In effect, children are used as guinea pigs, with the government and industry
often taking steps to properly label a product only after a child has been
harmed.
The Tribune investigation revealed that the government rarely inspects food
to find problems and doesn't punish companies that repeatedly violate
labeling laws.
In disclosing ingredients, labels must clearly identify major allergens such
as peanuts, milk, eggs and wheat. Millions of parents, teachers and
baby-sitters scrutinize these labels to ensure that they are not giving
children unsafe food.
But an alarming number of products sold
as allergen-free actually contain harmful amounts, the Tribune found.
Many of the problems occur with foods marketed to children—candy, cookies,
cakes and ice cream. Iconic childhood favorites such as Oreos, Pop-Tarts,
Frosted Flakes, Jell-O and Campbell's
SpaghettiOs have been recalled for hidden allergens
in recent years.
An estimated 30,000 Americans require emergency-room treatment and 150 die
each year from allergic reactions to food.
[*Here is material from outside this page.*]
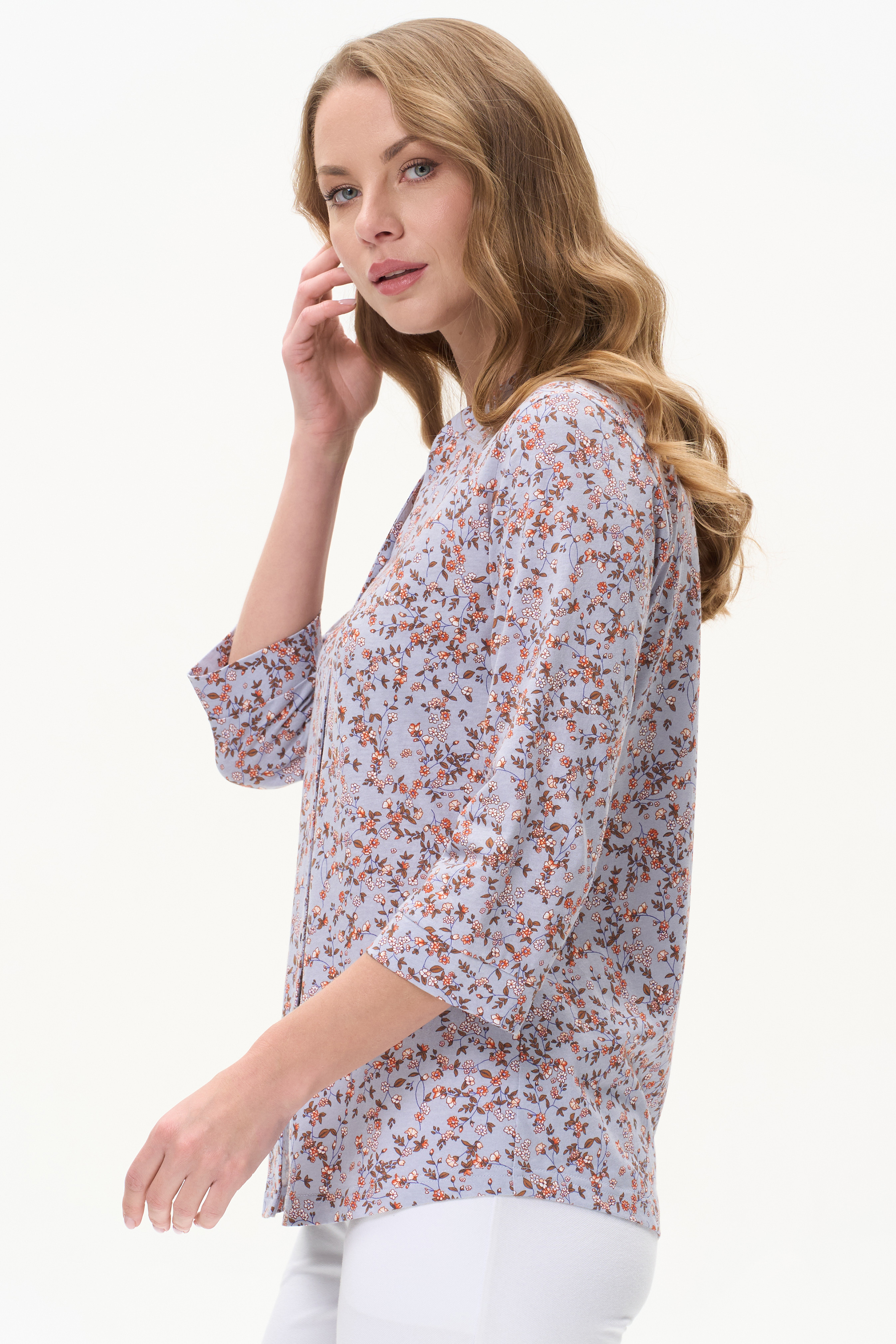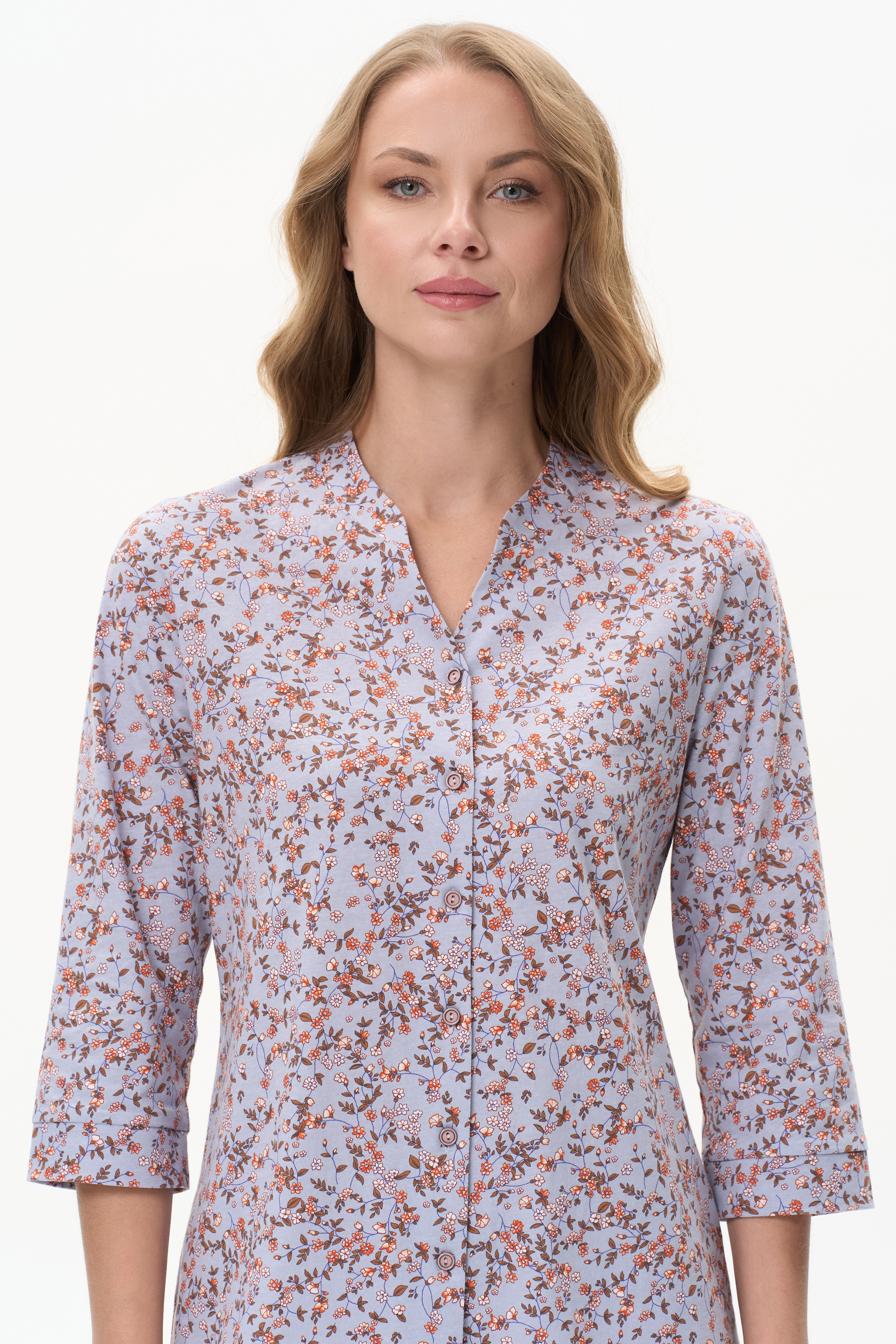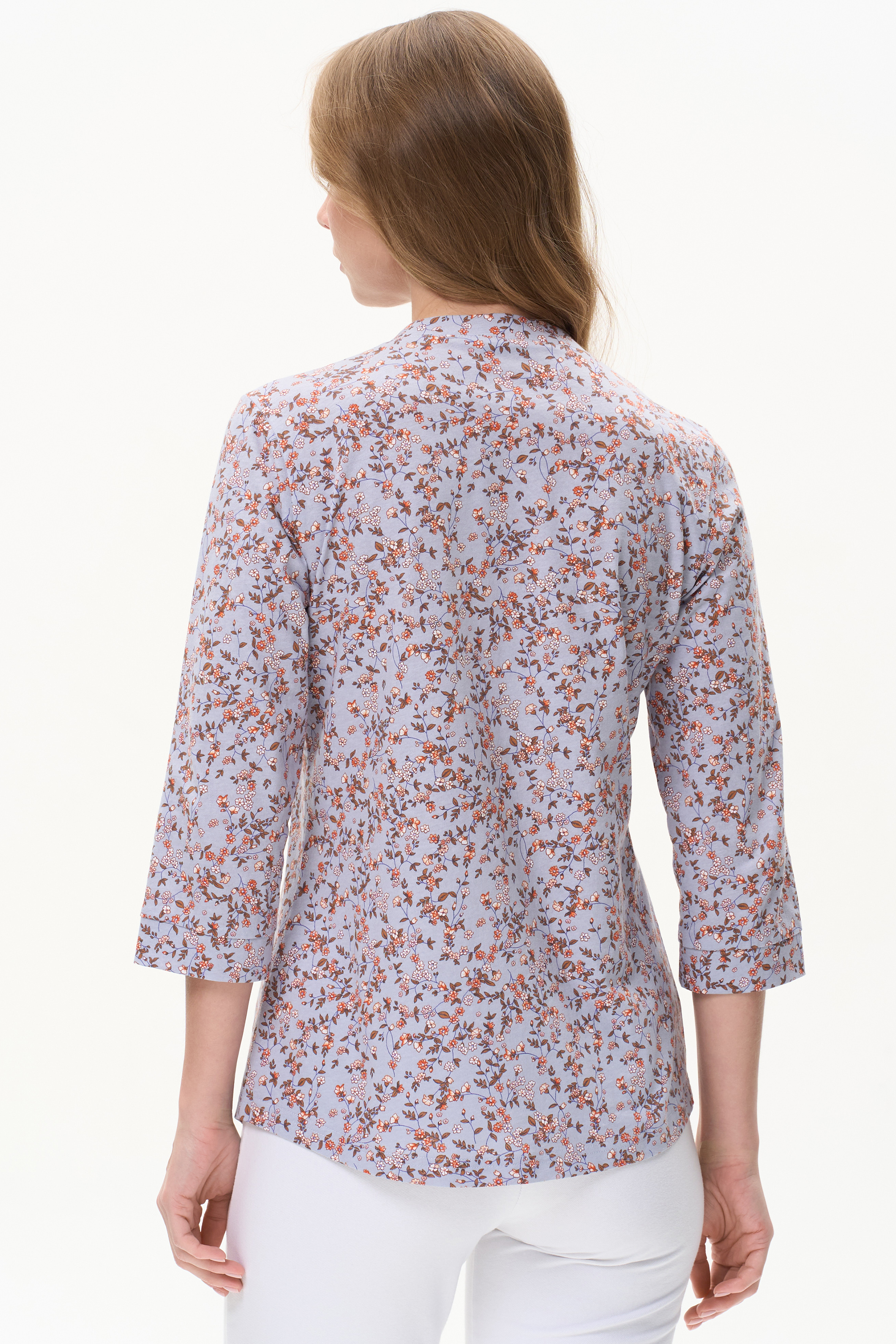 Блузка прямого силуэта из хлопкового полотна. Воротник стойка, переходящий в планку, застежка на пуговицы. Втачной рукав 7/8. Рост модели 175 см.

A large
percentage were children, researchers say.
To determine the full scope of the problem, the Tribune created an
unprecedented computer database of 2,800 recalls related to food allergies
over the last 10 years. The newspaper found that roughly five products a week
are recalled because of hidden allergens, making it one of the top reasons
any consumer product in America
is recalled.
But that doesn't mean the government or companies are vigilant.
Take the example of Peggy Pridemore, a Kentucky
woman who bought Wellshire Kids' Dinosaur Shapes
Chicken Bites because her son Patrick has a severe wheat allergy. Bold
letters on the packaging said the item was "gluten free," or
contained no wheat, rye and barley proteins.
After Patrick, then 3, ate the nuggets in December, he started coughing, his
eyes swelled and he had trouble breathing. His mom jabbed his leg with a
large needle containing epinephrine, a drug to help him breathe, then raced
him to the hospital, where he recovered in the emergency room.
Pridemore said she contacted both the U.S.
Department of Agriculture and the food manufacturer and that neither offered
to test the chicken nuggets.
The Tribune recently bought the product on two occasions at a River
Forest supermarket and sent the samples to one of the nation's
leading food-allergy labs, at the University
of Nebraska.
Both times, the lab found gluten. The item remains on shelves across the U.S.
"I'm stunned it hasn't been recalled," Pridemore
said. "I thought somebody somewhere would do something."
Recalls swell, but mislead
The nation has seen a mysterious rise since the 1990s in the number of
children with food allergies, now estimated to be 3 million kids, or 1 in
every 25 children.
As awareness has skyrocketed so have recalls. But they are voluntary. Food
companies themselves—not regulators—decide whether
to do so. If they do, the companies work with regulators to coordinate the
recalls and issue news releases to inform the public.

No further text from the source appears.